Asher Levine (born March 12, 1988) is an American fashion designer. He is the designer for his eponymous progressive label, Asher Levine, known for its mad-scientist-meets-luxe aesthetic and pioneering fabrication techniques.

Early life and education 
Levine was raised in Port Charlotte, Florida, where he began sewing at the age of 10 and attended Port Charlotte High School. Shortly after he graduated from PCHS in 2006, Levine got on a plane and moved to New York City to attend Pace University where he experimented with design in the underground avant-garde nightlife scene. He graduated from the University in 2010 with a degree in 'Business Management and Entrepreneurship.'

Career 
Shortly before graduation, he founded his label and became the go-to designer for many performance artists. He has almost two decades of experience and training in clothing construction. Levine's designs are defined by its fusion of art and fashion, which challenge, if not broaden, peoples' understandings of silhouettes, proportions, and textures. Much inspiration is drawn from the natural world and the socio-political psychology of contemporary art and youth culture.

Levine is best known for designing and fabricating custom garments worn by the Black Eyed Peas, Will.i.am, Bruno Mars, Whoopi Goldberg, Scissor Sisters, Sam Sparro, Dangerous Muse, Adam Lambert, Johnny Weir, La Roux, Cazwell, Peaches, Rita Ora, comedian Caroline Reid's aka “Pam Ann”, Jim Steinman, and - Taylor Swift - for her record-breaking Bad Blood Music Video. Swift's video, which debuted at the 2015 Billboard Music Awards, attracted over 1 Billion Views on Vevo.com, YouTube, Xbox, Roku, and other Vevo platforms. The designer has also worked with Lady Gaga.  on several occasions, including for her "Marry the Night  music video.

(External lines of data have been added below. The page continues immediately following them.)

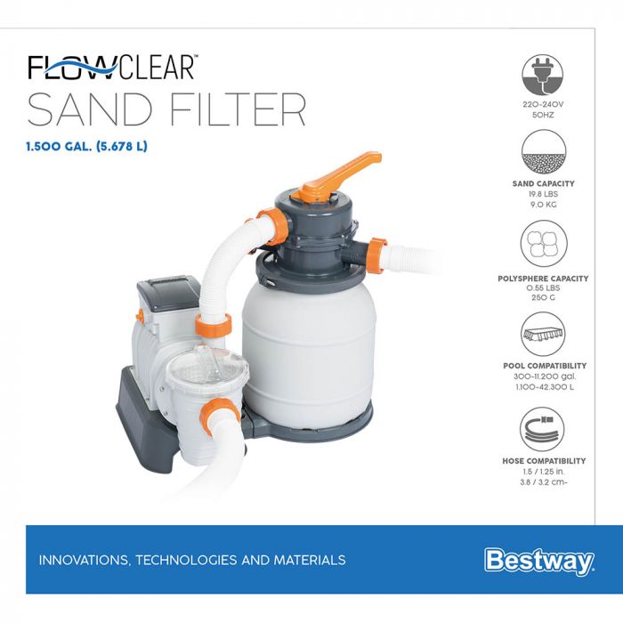 A Bestway homokszűrős vízforgatói segítenek a medence karbantartásában, hogy azokat hosszú ideig használhassuk. A Bestway vízforgatói könnyű és kényelmes megoldást kínálnak a medencevíz tisztán tartására. Használatukkal távol tarthatjuk a medencéből a koszt, homokot és egyéb szennyeződéseket. A papírszűrős vízforgatókkal ellentétben a homokszűrős vízforgató karbantartása egyszerűbb, a homokot elegendő 2-3 évente lecserélni.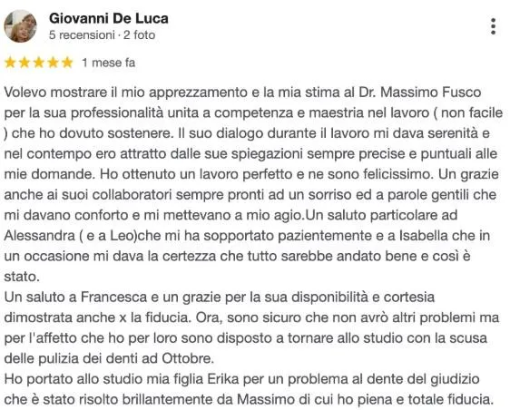 "Informazione sanitaria ai sensi della legge 248/2006 e 145/2018. Dir. San. Dott. Fusco Massimo iscritto all'Ordine Provinciale dei Medici Chirurghi e degli Odontoiatri di Fermo - Iscrizione N.54”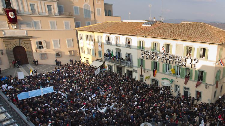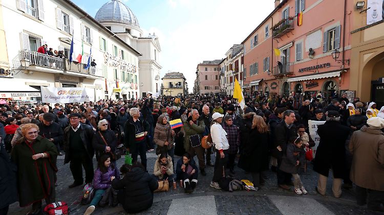 Noch ist er gar nicht hier, aber in Castel Gandolfo südlich von Rom ist die Aufregung schon groß. Vor der päpstlichen Sommerresidenz herrscht großer Andrang. Um 17 Uhr verabschiedet sich Benedikt aus Rom und fliegt mit dem Hubschrauber in die kleine Stadt am malerischen Lago Albano, wo er zunächst wohnen wird. In Castel Gandolfo ist am frühen Abend Benedikts letzter öffentlicher Akt. Von der Loggia des Palastes aus sendet er dann nochmal einen Gruß an die Gläubigen. Die Schließung des Portals der Residenz soll dann um 20 Uhr das symbolische Zeichen für das Ende des Pontifikats sein. Die Schweizer Garde stellt ihren Dienst ein, für die Sicherheit des ehemaligen Kirchenoberhauptes ist dann die Gendarmerie des Vatikans zuständig.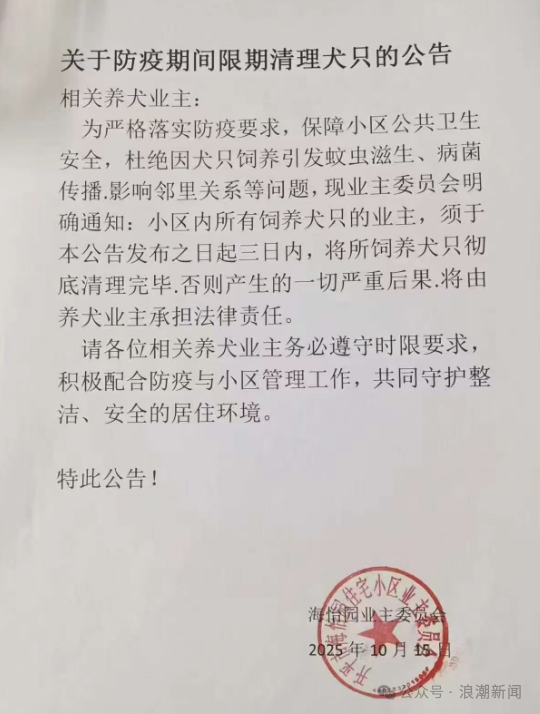 10月15日,江门市海怡园小区业委会发布了《限期清理犬只的公告》,公告明确要求“小区内所有饲养犬只的业主,须于本公告发布之日起三日内,将所饲养犬只彻底清理完毕”。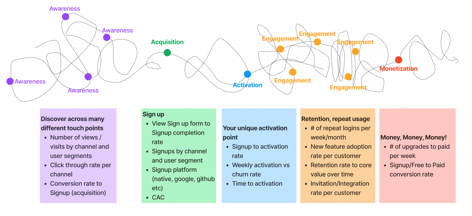 Acquisition: In most cases, the acquisition is the same as signup but can be different for specific industries or tools. For e.g., if you are running an open-source project, this could also be forking your repo.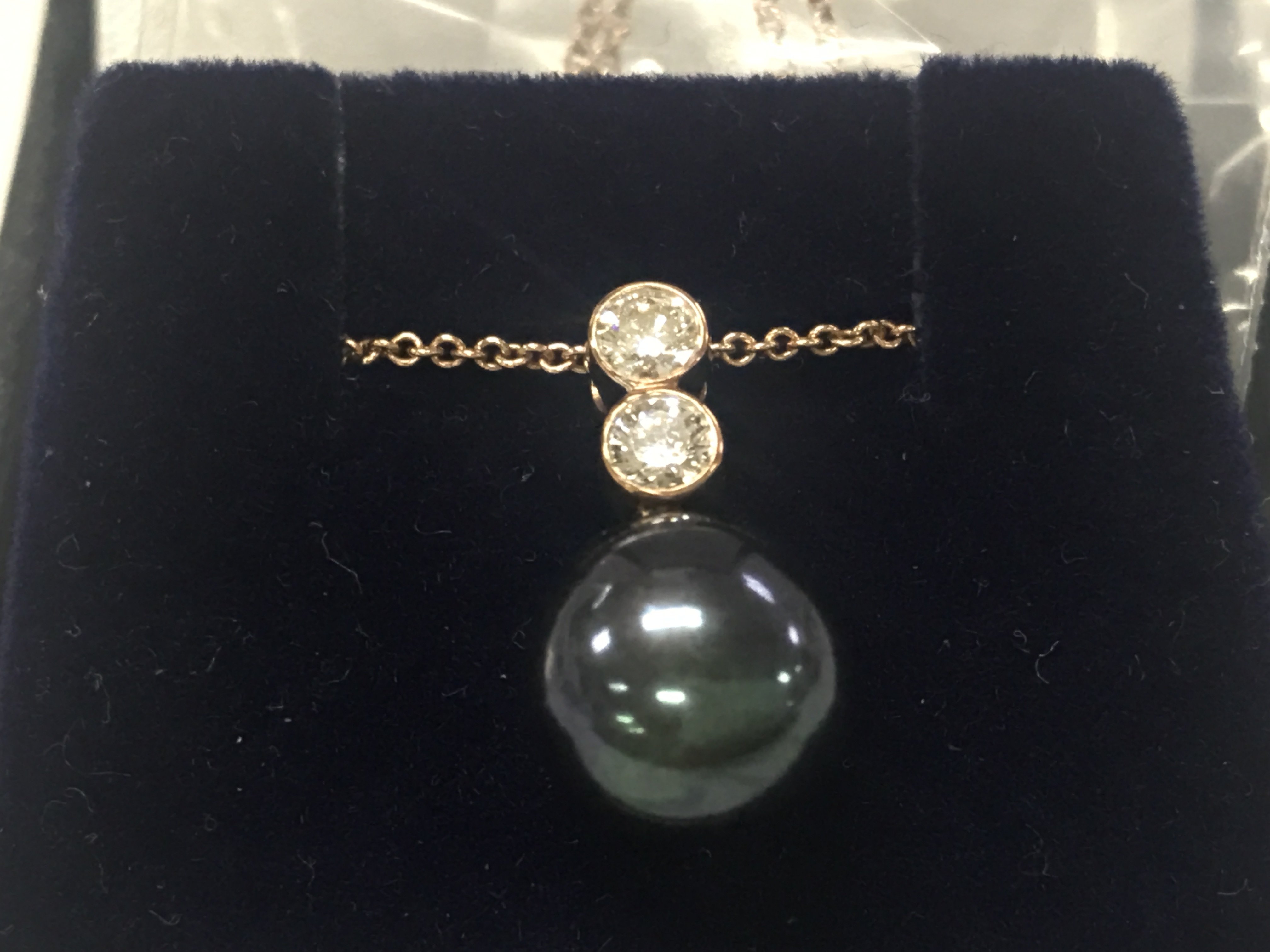 9ct rose gold iridescent dark pearl and double drop diamond necklace, boxed. Diamonds 0.20ct.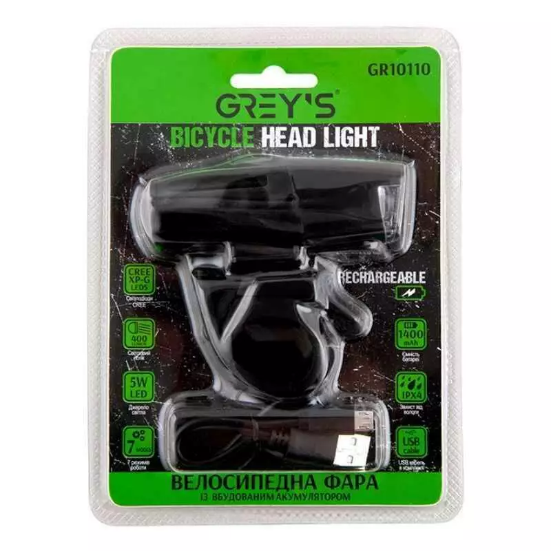Фара на велосипед на руль 400Lm Grey's 1400mAh IPX4 8 режимов до 9 часов работы (GR10110)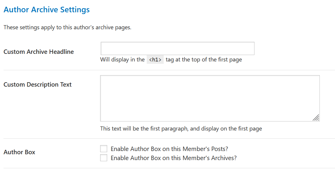 If you want a custom headline for the author page, you should add it in “Custom Archive Headline.” The same applies to the custom description text, which will display just after the headline.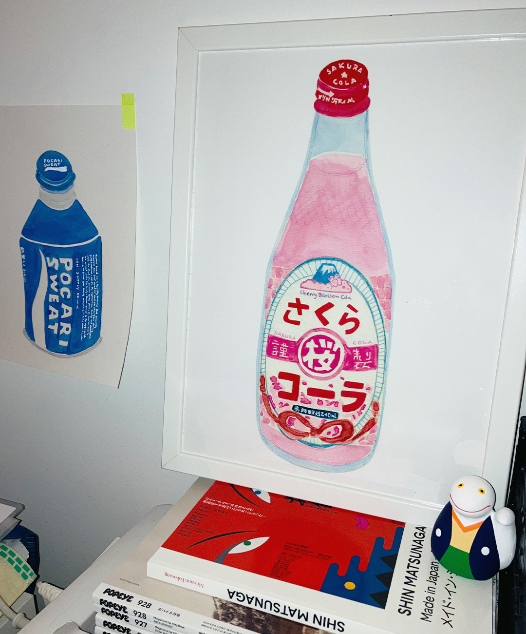 Watercolor artwork print of a Japanese Cola bottle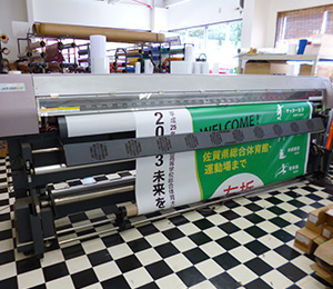 インクジェット印刷した看板を屋外でも使える様にラミネート加工いたします。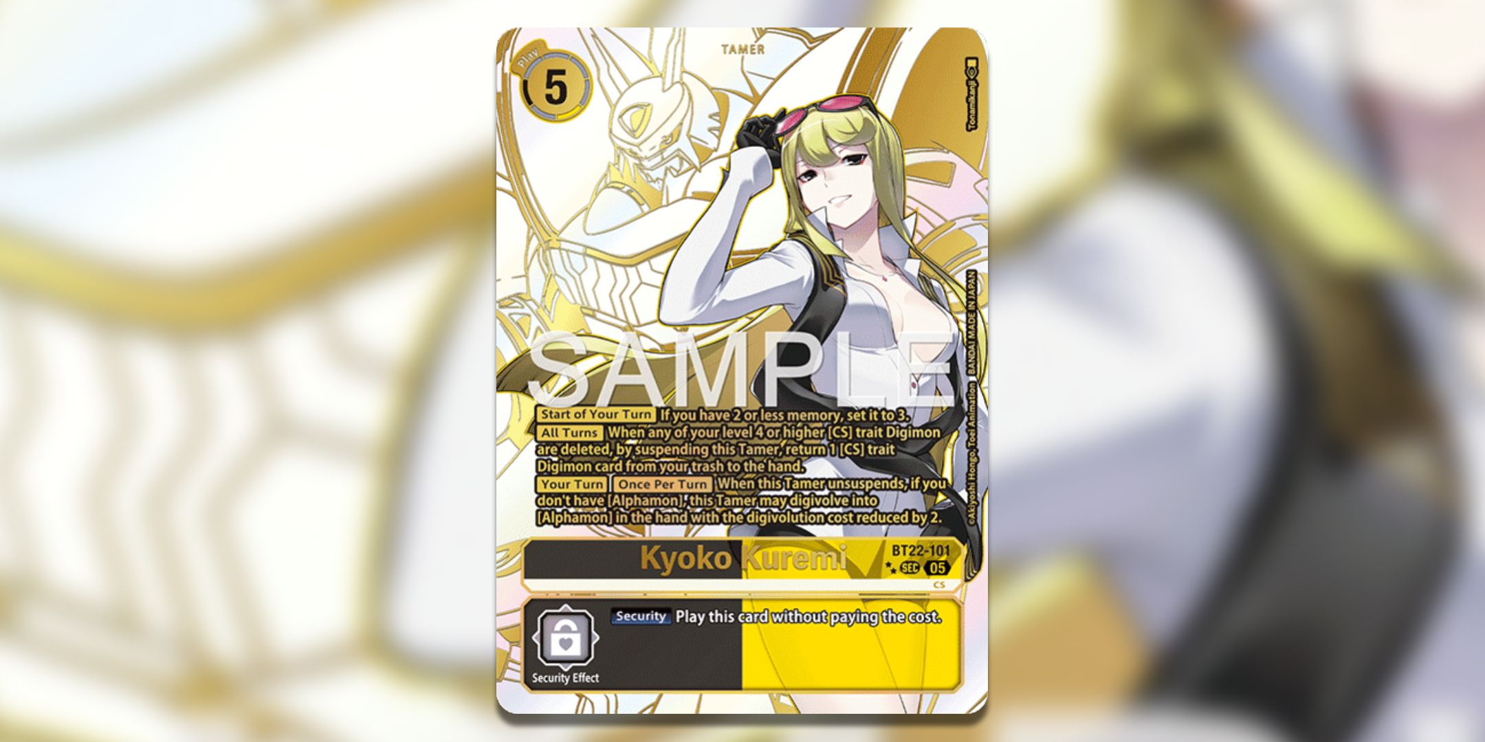 しかし、もしあなたが豪華なフォイルされたカードの上で噴出するプレーヤーまたはコレクターなら、これはあなたの苦労して稼いだ現金を使う人です。オリジナルのサイバースルーゲームを終えていない場合、このカードは少しネタバレかもしれませんが、京子の背後にある恐ろしいアルファモンは信じられないほどに見えます。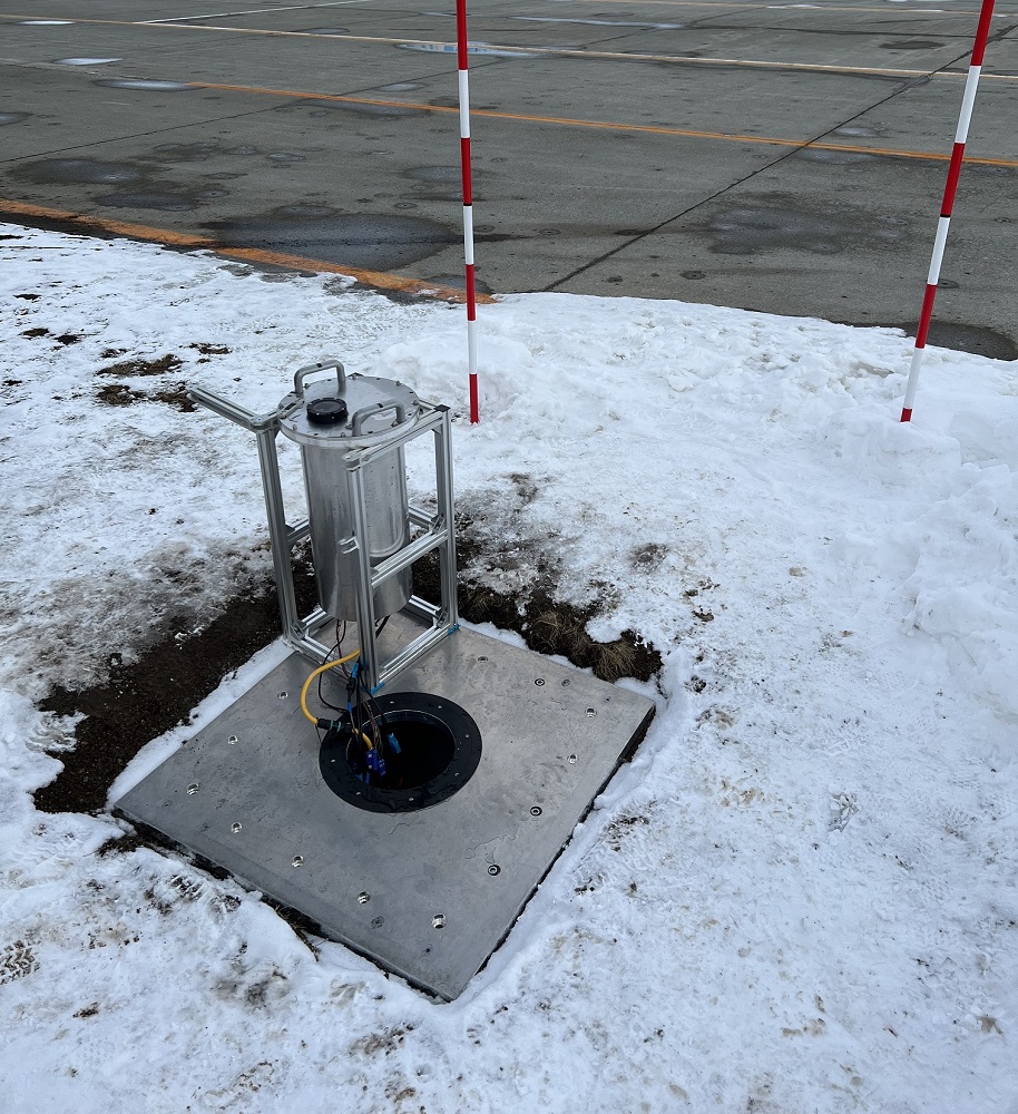 北海道エアポート(株)、日本工営(株)の協力を得て、2022年2月より新千歳空港の滑走路近傍にて積雪状況をリアルタイムでモニタリングする実証実験を開始し、2023年2月まで実施予定です。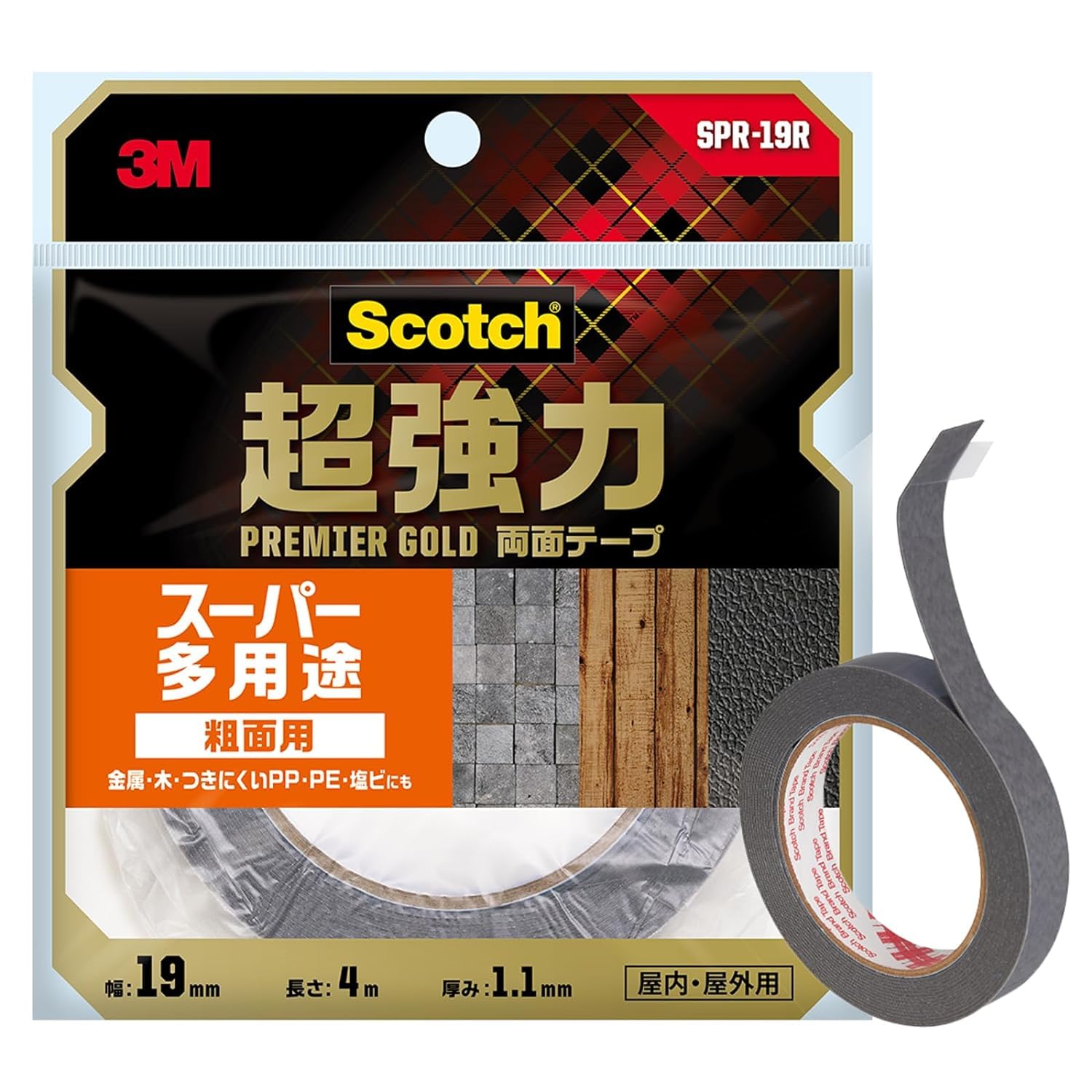 3M スコッチ 超強力両面テープ プレミアゴールド スーパー多用途 粗面用 幅19mm長さ4m SPR-19R

Though custom designs have formed the foundation of the label's notoriety, his debut women's and mainline menswear collection have begun to garner attention of its own. Levine's earlier designs were featured in the November 2011 issue of Vogue Italia, photographed by Emma Summerton and styled by legendary stylist, Patti Wilson. His designs have also been featured in major publications such as i-D, Numéro, Interview Magazine, L'Uomo Vogue, Vogue and Rolling Stone.

For his latest collection, Levine utilized draped boiled wools, molded leather scales and accessories, exotic furs, and laser cut crepe silks that encompass his perspective on fashion. This collection brings his mad scientist meets luxe aesthetic and cutting edge body scanning technology into an intimate setting reminiscent of the original Paris shows of the 1930s. Most of Levine’s work focuses on made to measure and local manufacturing. Asher Levine is known for incorporating technology within clothing, but this is the first time he enhances the manufacturing process with intelligent optical measurement software.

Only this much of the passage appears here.